On Sunday, I mowed the yard, trying to stay busy, so I wouldn’t think about Mrs. Peters. It was because of Mrs. Peters that I hadn’t missed Mom quite as much. And I had enjoyed being with Mrs. Peters, her and those stupid birds. I never would have expected, or appreciated, the simple, easy pleasure of seeing a bird flying around your yard. That was only one of the things she’d taught me.

I hadn’t gone over to her yard again until Monday, after school. Dad said we should feed the cat, so he’d gone out and bought some cat food and filled Lucky’s bowl. He said he didn’t see Lucky, but when I went over there all the food was gone. I changed the feeders and the water. I checked he birdhouse, and the nest was empty. The birds had flown away.

Dad showed me her obituary in the paper.

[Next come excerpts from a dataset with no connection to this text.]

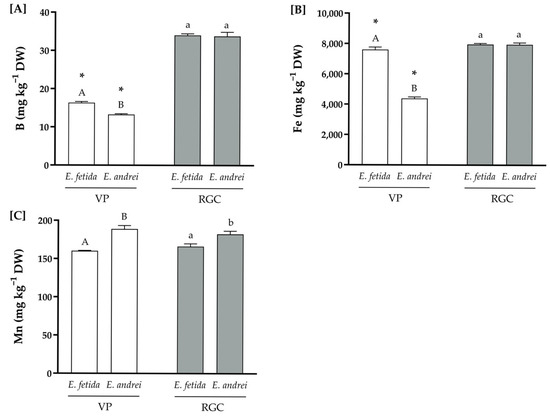 Contents of micronutrients present in the vermicomposts: (A) B, (B) Fe, and (C) Mn. Data are presented as mean ± SD (n = 3). Statistical analysis was performed using two-way ANOVA. Different uppercase and lowercase letters represent significant differences between species within vine prunings (VPs) and rotten grape clusters (RGCs), respectively, while * represents significant differences between the substrates within the same species (p < 0.05). DW = dry weight.
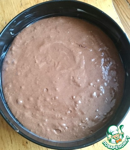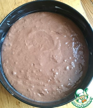 Выложите тесто в форму, разровняйте. Тесто жидкое.
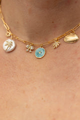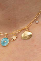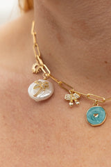 14k Gold filled organic disc style charm with blue shimmer enamel and a dainty center heart. Add a little love to your charm necklace with this piece. Hand make your custom charm necklace in Laguna Beach or build your piece online through adding a base necklace and your selection of charms. Leave us a note on your order for any special requests.
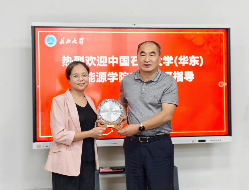 座谈会结束后,陈灵泉书记代表中国石油大学(华东)新能源公司,向公司赠送纪念品。
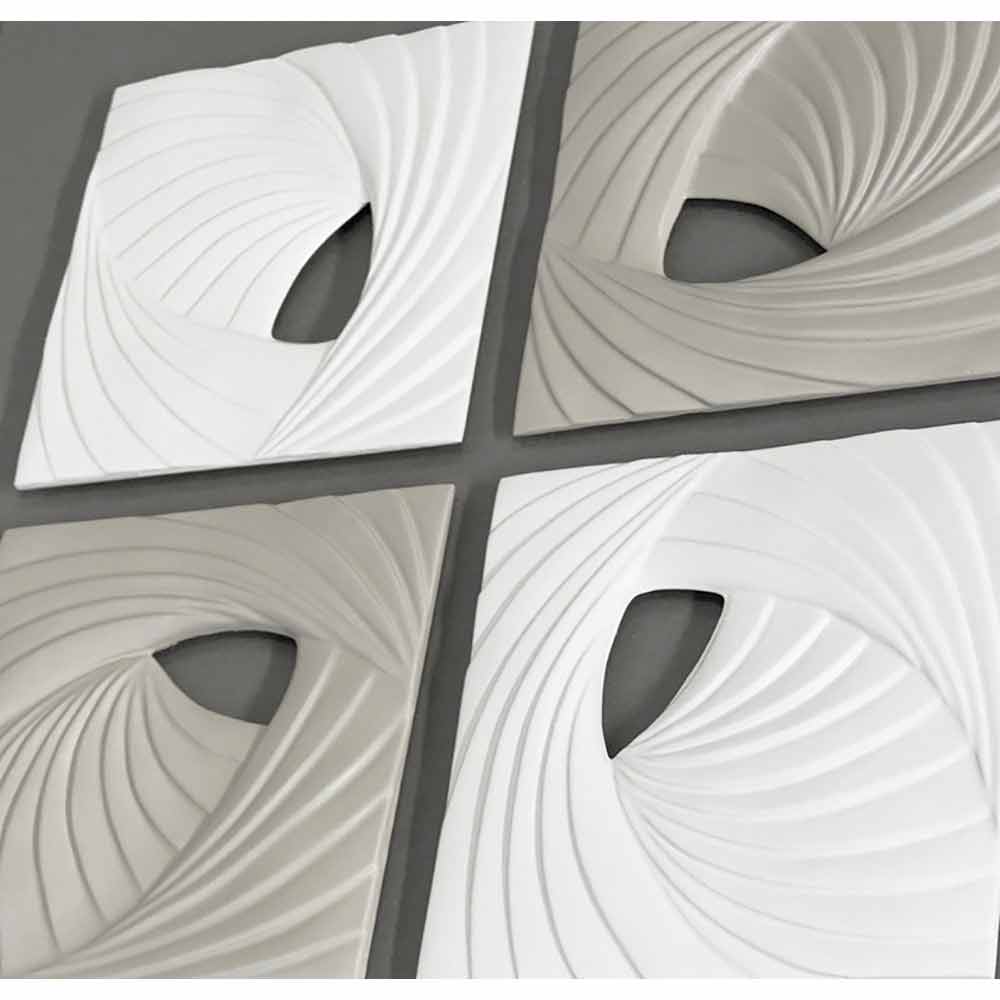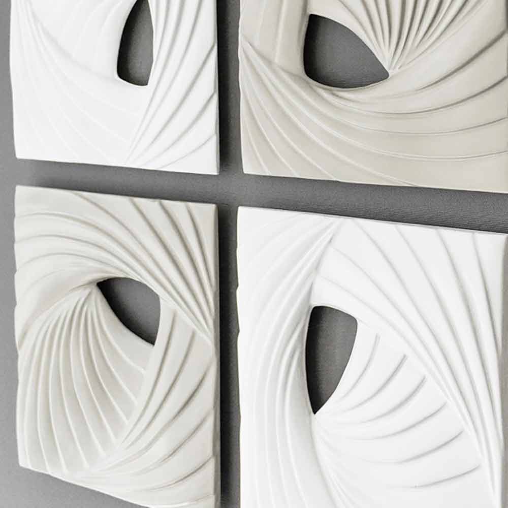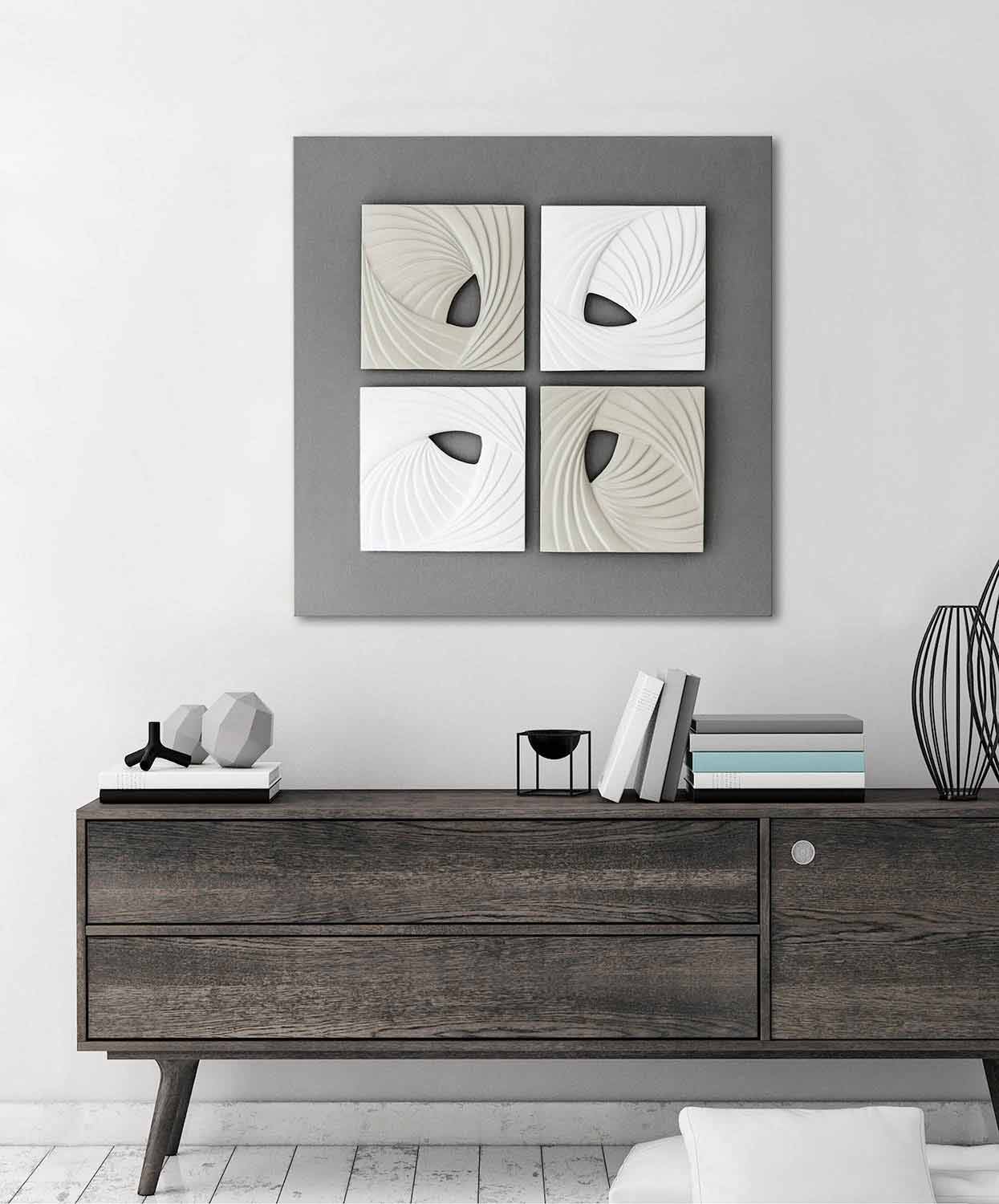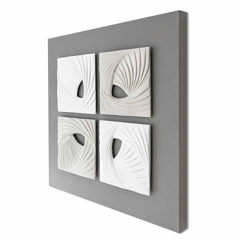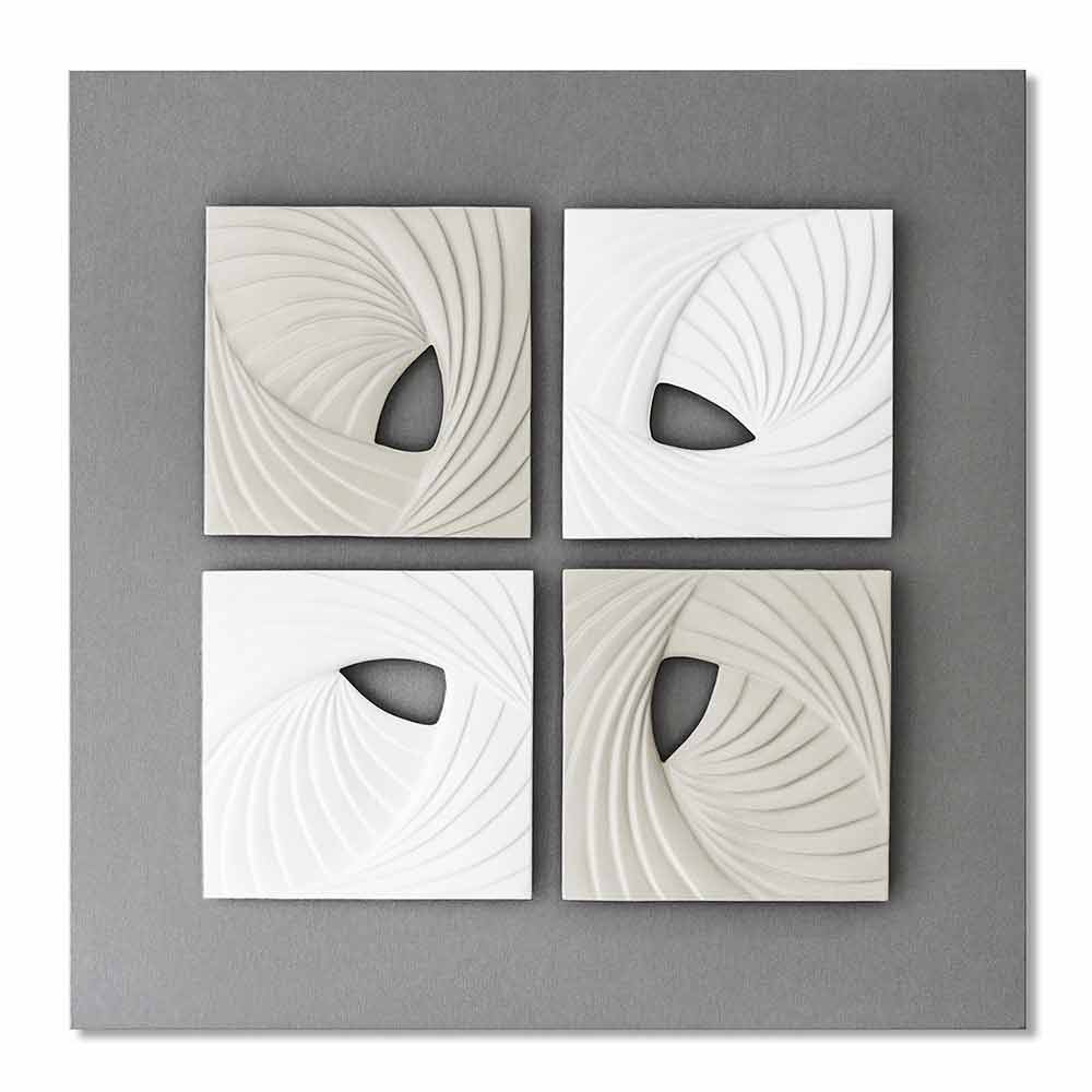 Wandmontage in Verbundkeramik besteht aus vier Elementen mit eleganten Linien und modernen Formen in Elfenbein weiß und grau Seide montiert steingrau lackiert Leinwand überhängend auf. Das Ergebnis ist eine minimale und dekorative ästhetische Wirkung für einen einzigartigen Stil.
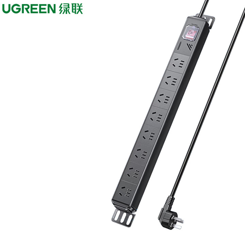 绿联 80936 PDU机柜插座 8位10A防雷插排新国标机房接线板 总控线长1.8米全长2.25米
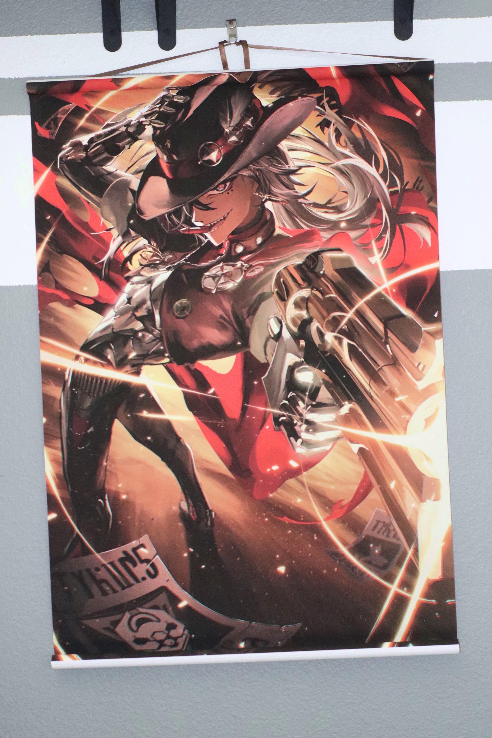 - 20" x 30" Printed on Silk. Attached to two plastic rolls, string included on top.
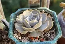 蓝石莲是景天科、拟石莲花属的多肉植物。茎部粗壮,成熟植株茎部木质化。叶片莲座型密集排列,株径不会很大,叶片相对较薄,常年绿色,表面布有白色粉末,中部凹陷,呈倒水滴状。叶尖较尖,叶缘光滑无褶皱,…全部>>

I read through it a half-dozen times trying to learn something new about her. Most of it I already knew. It mentioned her husband and Simon, that she’d been born in Nashville and had been an elementary school teacher for forty-three years. But the things I didn’t know about her were what I found most interesting: she had a brother named Gray who lived in New York state and she had been a contestant on The Price is Right over thirty years ago.